On May 15, Assistant Professor Daniel Francis JSD ’20 and Murray and Kathleen Bring Professor of Law Christopher Jon Sprigman published Antitrust: Principles, Cases, and Materials, a new openly licensed textbook available for free download. Created with support from the American Bar Association’s (ABA) Antitrust Law Section, the book continues a tradition of openly licensed textbooks by NYU Law faculty that includes John M. Desmarais Professor of Intellectual Property Law Barton Beebe’s trademark law casebook as well as Walter J. Derenberg Professor of Intellectual Property Law Jeanne Fromer and Sprigman’s copyright law textbook.
The success of the copyright casebook, which is used in roughly six dozen US law schools, prompted Jonathan Gleklen, then chair of the ABA’s antitrust section, to reach out to Sprigman in 2021. Gleklen envisioned an openly licensed textbook for antitrust, and he hoped Sprigman would co-author it. Gleklen also recruited Francis, who had completed his JSD at NYU Law the previous year and who would become Sprigman’s faculty colleague in 2022. When Sprigman and Francis set up an initial online meeting in summer 2021, they realized they had similar ideas about the project.
“Daniel and I tried to air the full range of modern views about antitrust and its role in our economy and society,” says Sprigman. “This is a great time to write an antitrust book, because the debate around competition issues is livelier today than it has been in many decades.”
“The rate of change in antitrust is dramatic,” Francis says. “[There are] new agency positions, blockbuster decisions coming out of the courts, new policy statements, new scholarly contributions offering really different or challenging perspectives on antitrust…. To the extent that the antitrust conversation continues to be a vibrant and perhaps volatile one, having this very nimble digital model where we have seamless annual updates is going to mean students and teachers always have in their hands a volume that is bang up to date.”
Sprigman and Francis also wanted to address the need for greater diversity and inclusion in the antitrust field, and lowering the economic barrier-to-entry for law students interested in studying antitrust seemed like a logical place to start. The online text is completely free, and a print-on-demand copy costs less than $17.
Since not all law student have an economics background, the co-authors included an easily digestible chapter summarizing antitrust economics.

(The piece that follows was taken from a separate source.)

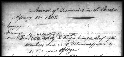 Little Turkey made his statement at the Nation’s Council meeting in October 1800. The Moravian missionaries Steiner and Schweintz were invited to attend. They recorded the meeting in their journal. This Council meeting was held at Estanaula (Oostanaula). This statement by Little Turkey was made at the close of the meeting. This was the time when the Council allowed a mission school to be built. The school was established at James Vann’s and (John) McDonald’s property. Mr. Vann had just donated property on his place. Spring Place, North West Georgia.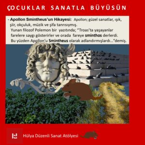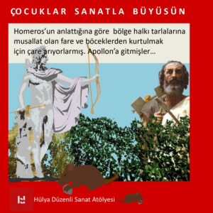 MÖ 8. yüzyıl sonlarında yaşadığı sanılan şair Homeros’un İlyada adlı kitabında anlattığına göre bölge halkı tarlalarına musallat olan fare ve böceklerden kurtulmak için çare arıyorlarmış. Apollon’a gitmişler… Apollon; güzel sanatlar, ışık, şiir, okçuluk, müzik ve şifa tanrısı olan Apollon’dan yardım istemişler. Yunan filozof Polemon bir yazıtında; “Troas’ta yaşayanlar farelere saygı gösterirler ve orada fareye sminthos derlerdi. Bu yüzden Apollon’u Smintheus olarak adlandırmışlardı…”diyor.

One notion they wanted to convey, Sprigman adds, is that antitrust is “an extremely socially important field with a diversity of views, some of which get to deep questions [such as] what purposes does capitalism serve, and how well do markets work in providing social welfare and fair distribution…. We’ve tried to present these in a way that is not particularly judgmental and attempts to give a charitable reading to the different ways of thinking about these various issues.”
The book benefited greatly, both co-authors say, from the extensive input of Professor Douglas Ross of the University of Washington School of Law, whom Francis describes as “a giant of the antitrust bar.” Ross offered his thoughts on his experience teaching from other antitrust books as well as the book’s design, tone, and content structure. He also allowed his class to use the book in the pilot stage, along with several other classes, including Sprigman’s and Francis’s, whose feedback helped the co-authors improve the content.
Antitrust: Principles, Cases, and Materials is the end product of a two-year collaboration that both co-authors found rewarding. “I think we have compatible writing styles, and it was a delightful process,” says Sprigman. “A lot of work but also a lot of fun.”
“Doing this with Chris over the last two years has been a joy,” Francis adds. “The fact that we had not only that great experience but also something to share with the world at the end of it has been a wonderful way to celebrate my first year of being here at NYU.”
The book’s cover features a striking pair of photographs taken by Taylor Owings, Francis’s wife. They show Man Controlling Trade, monumental twin statues on either side of the Federal Trade Commission Building in Washington, DC, that each depict a man bridling a horse differently—illustrating, Francis says, “the ambiguity of the relationship between trade and freedom, restraint and power, and what it means to have a free market and the forms of coercion that are implicit in it.”
The sculptures make concrete the idea that “we’re harnessing the animal spirits of the economy, partly through antitrust, which aims to keep markets open and contestable,” Sprigman adds. “Antitrust always was attractive to me because of its deep social implications. It really is a set of choices about how we live, about how we organize our economic life, which spills over into everything else.”